(Recorded data Opens)

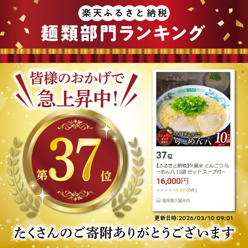 - 【ふるさと納税】久留米 とんこつ らーめん八 10袋 セット スープ付き 半なまラーメン 濃厚 スープ 塩分控えめ 後味スッキリ ラーメン 大人気 半生麺 お手軽 簡単調理 ミシュランガイド掲載 人気店 ご当地グルメ 本場 定番 名物 食品 麺類 九州 福岡県 久留米市 送料無料
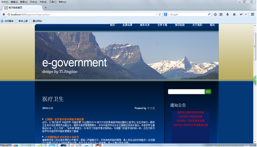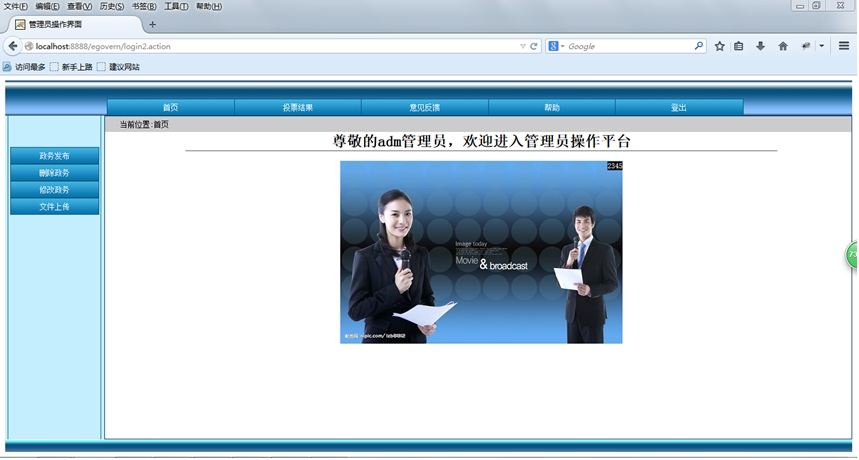 The graduation design instruction systematically explained the e-government software system in the public service function on the function and realization. System functions include user registration and login, political view, feedback and the file download, the administrator login, to insert ,delete ,modify and query affairs, basically has realized the online using the electronic government affairs function of software system process. The electronic government affairs public service website is interface intuitive and easy to operate, functional.
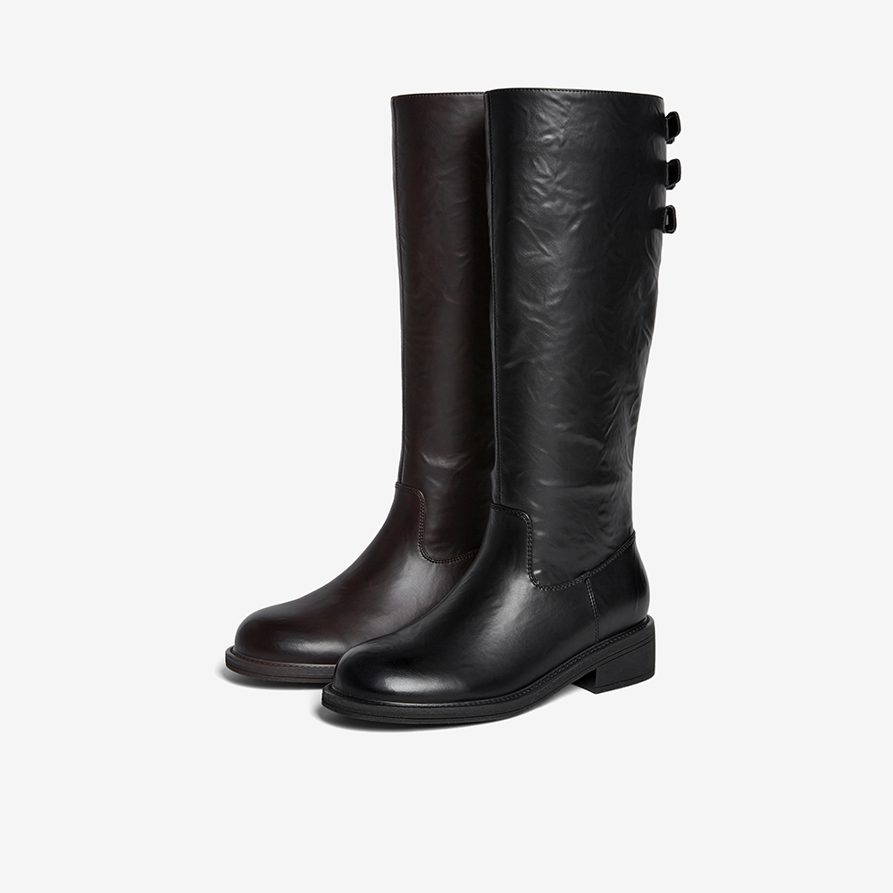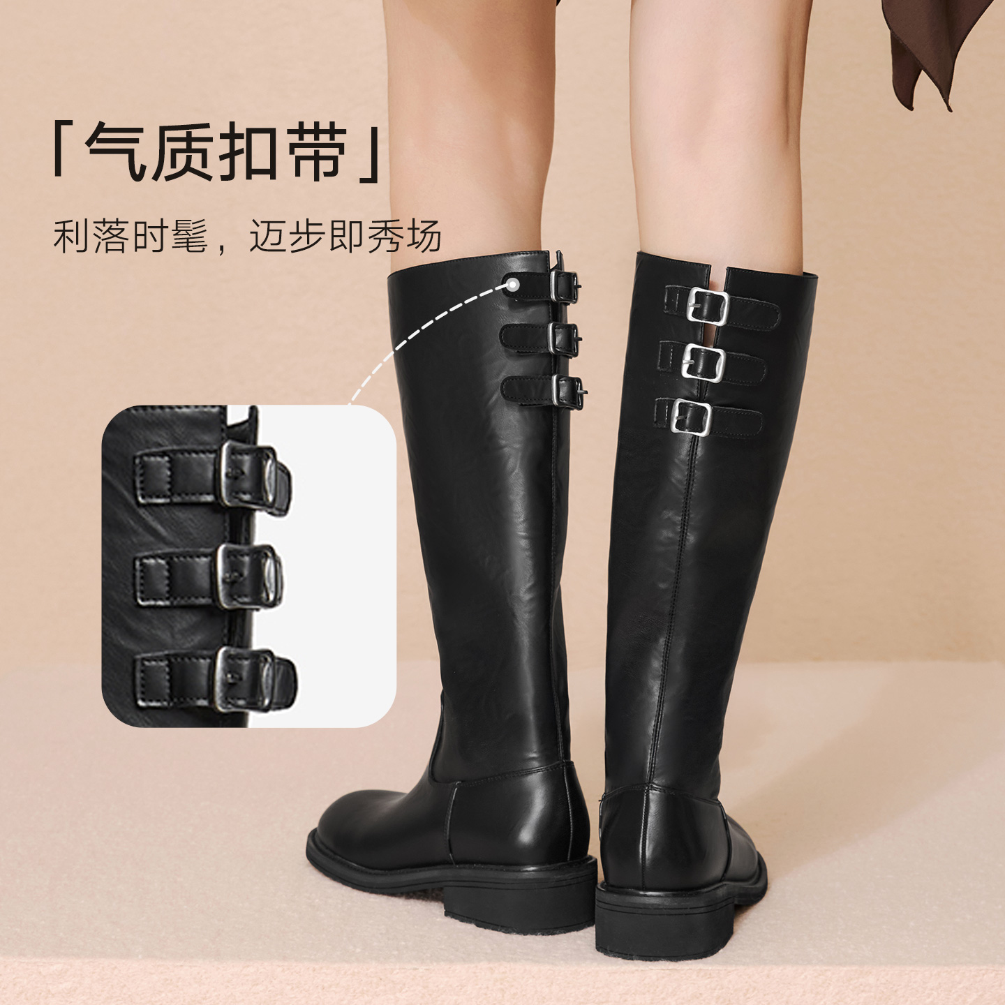 8cm内增高骑士靴女2025新款 管褶皱堆堆长筒靴子 秋冬厚底皮带扣裤
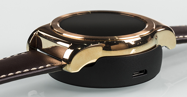 На боковой поверхности крэдла мы видим разъем Micro-USB. К нему и подключаем любое смартфонное зарядное устройство. В принципе, привычное (в том числе и по LG G Watch R) и достаточно удобное решение, хотя, конечно, менее эффектное, чем у Moto 360, где в комплекте поставляется полноценная док-станция для беспроводной зарядки, на которую часы можно просто положить, не думая о совмещении контактов.
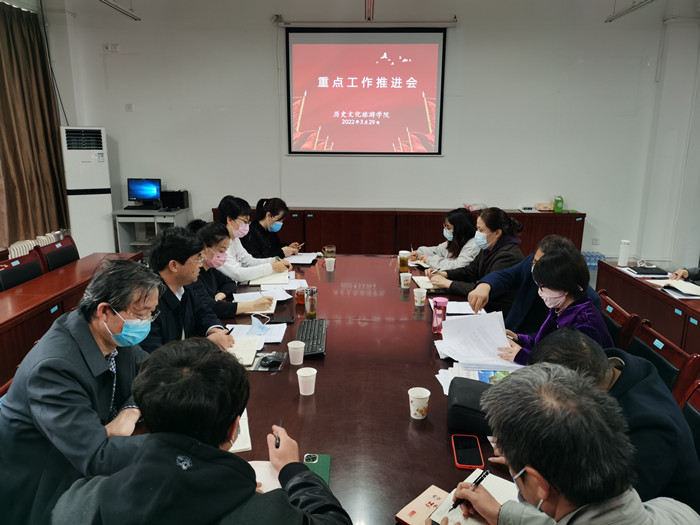 3月29日下午,历史文化旅游学院召开重点工作推进会,研究、部署、推进本学期重点工作。学院领导班子成员、各系主任、两办主任、实训中心主任参加会议。会议由院长张天社主持。 学院党总支书记刘倩倩领学《西安文理学...
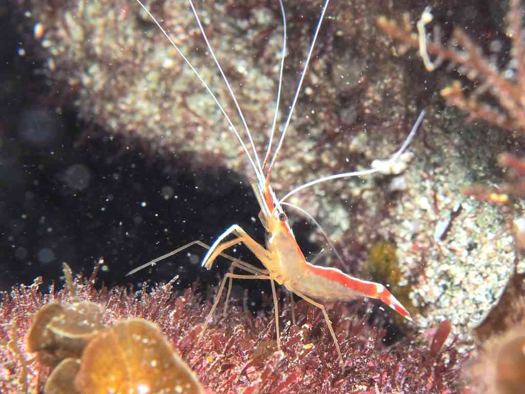 まずは、アカシマシラヒゲエビ、キレイな体色です。その名の通り、体に赤い縞、白いひげ、のエビちゃん。
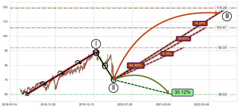 ➣ AI预测: 假定反转启动后, 第❸目标位置(2021-05-04, 88.85)
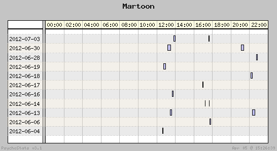 | 2012-06-19 | 13 | 6 | 2.17 | 5 | 38.46% | 22.96% | 00:16:24 | 534.72 |
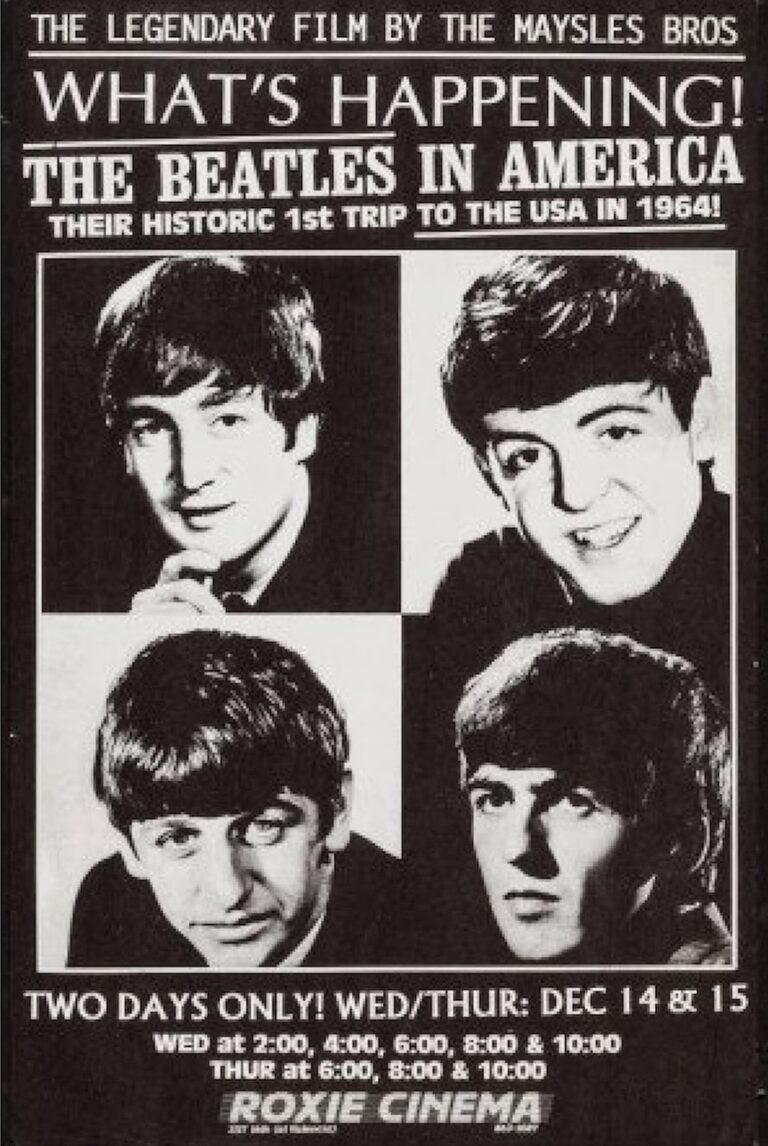 An account of John, Paul, George and Ringo’s first week in America. The Maysles follow the Fab Four for five days, from crazed airport reception to press conferences to backstage at the Ed Sullivan Show to hotel-room hanging out to their horrified encounter with the legendary deejay Murray the K to their equally frenzied homecoming.
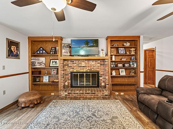 Brick Charm Meets Florida Living! Ranch style home with columns, large front porch, and a screened private POOL on a 0.40-acre corner lot. BRAND NEW 2024 ROOF. Address is on Horizon Drive, but the driveway access is on Carrin Road. Inside, a practical split plan offers 4 bedrooms / 3 baths / 2-car garage with no carpet! Tile and laminate throughout. The living room, in the center of the home, has a brick wood-burning FIREPLACE flanked by built-in bookshelves and French doors that open to the pool. Kitchen features Wood cabinetry, Corian Counters, black Refrigerator, black Dishwasher, black Double Ovens, and a stainless steel Microwave, with a breakfast nook plus a separate dining area. Wood trim details throughout. Baseboards, chair rail, and solid wood doors which add durability and warmth.
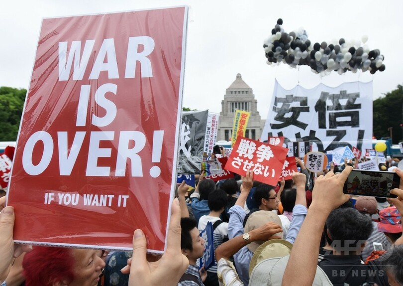 【8月30日 AFP】都内の国会周辺で30日、安倍晋三(Shinzo Abe)首相が成立を目指す安全保障関連法案に抗議するデモが行われ、数万人が参加した。与党自民党が同法案の9月末までの成立を目指す中、「反戦」「戦争ではなく平和を」「ストップ、安保法案」などと書かれたプラカードを持つ人々が国会前で抗議のスローガンを叫んだ。
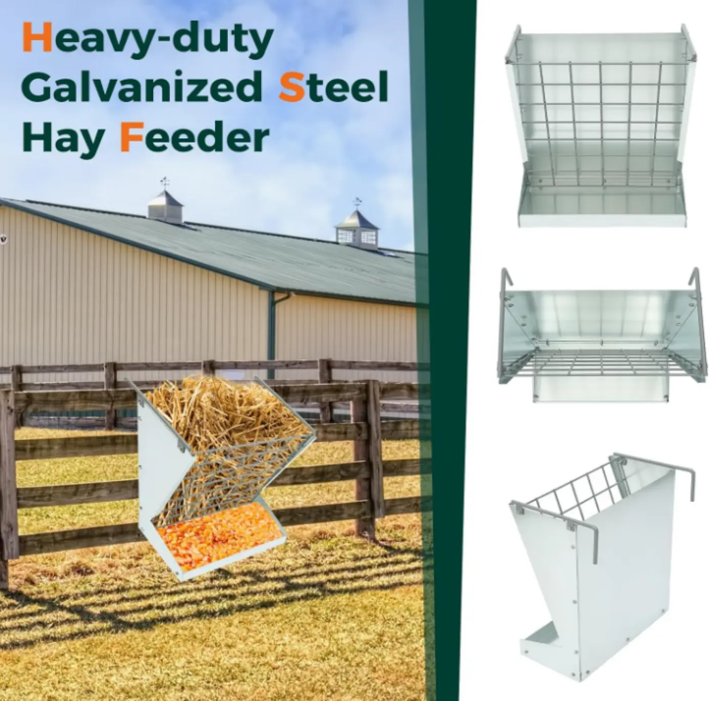 ·Reduce Food Waste: It adopts a 4x4 hay net design and there is a grain storage rack at the bottom to maximize the use of hay to prevent livestock from gobble too much food at the same time, reducing wastage and better protect livestock health.
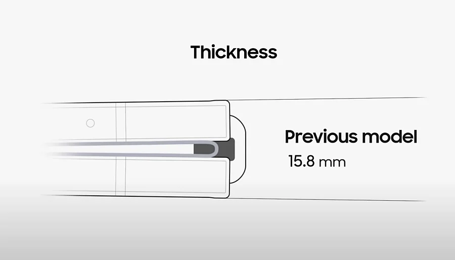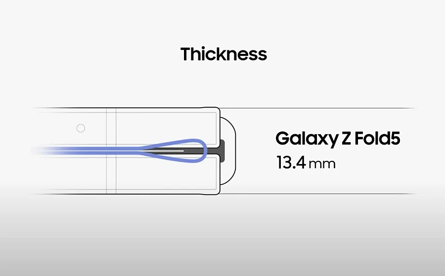 틈을 지우다 보니 접었을때의 두께도 줄일 수 있었는데 기존 폴드4 두께가 15.8mm 인 반면에 폴드5는 13.4mm 에 불과 합니다.

(Recorded data Closes)

Only the lines from the first line of the entries through the line containing "An account of" should be output, exactly as they are, without pictures.

 - 【ふるさと納税】久留米 とんこつ らーめん八 10袋 セット スープ付き 半なまラーメン 濃厚 スープ 塩分控えめ 後味スッキリ ラーメン 大人気 半生麺 お手軽 簡単調理 ミシュランガイド掲載 人気店 ご当地グルメ 本場 定番 名物 食品 麺類 九州 福岡県 久留米市 送料無料
 The graduation design instruction systematically explained the e-government software system in the public service function on the function and realization. System functions include user registration and login, political view, feedback and the file download, the administrator login, to insert ,delete ,modify and query affairs, basically has realized the online using the electronic government affairs function of software system process. The electronic government affairs public service website is interface intuitive and easy to operate, functional.
 8cm内增高骑士靴女2025新款 管褶皱堆堆长筒靴子 秋冬厚底皮带扣裤
 На боковой поверхности крэдла мы видим разъем Micro-USB. К нему и подключаем любое смартфонное зарядное устройство. В принципе, привычное (в том числе и по LG G Watch R) и достаточно удобное решение, хотя, конечно, менее эффектное, чем у Moto 360, где в комплекте поставляется полноценная док-станция для беспроводной зарядки, на которую часы можно просто положить, не думая о совмещении контактов.
 3月29日下午,历史文化旅游学院召开重点工作推进会,研究、部署、推进本学期重点工作。学院领导班子成员、各系主任、两办主任、实训中心主任参加会议。会议由院长张天社主持。 学院党总支书记刘倩倩领学《西安文理学...
 まずは、アカシマシラヒゲエビ、キレイな体色です。その名の通り、体に赤い縞、白いひげ、のエビちゃん。
 ➣ AI预测: 假定反转启动后, 第❸目标位置(2021-05-04, 88.85)
 | 2012-06-19 | 13 | 6 | 2.17 | 5 | 38.46% | 22.96% | 00:16:24 | 534.72 |
 An account of John, Paul, George and Ringo’s first week in America. The Maysles follow the Fab Four for five days, from crazed airport reception to press conferences to backstage at the Ed Sullivan Show to hotel-room hanging out to their horrified encounter with the legendary deejay Murray the K to their equally frenzied homecoming.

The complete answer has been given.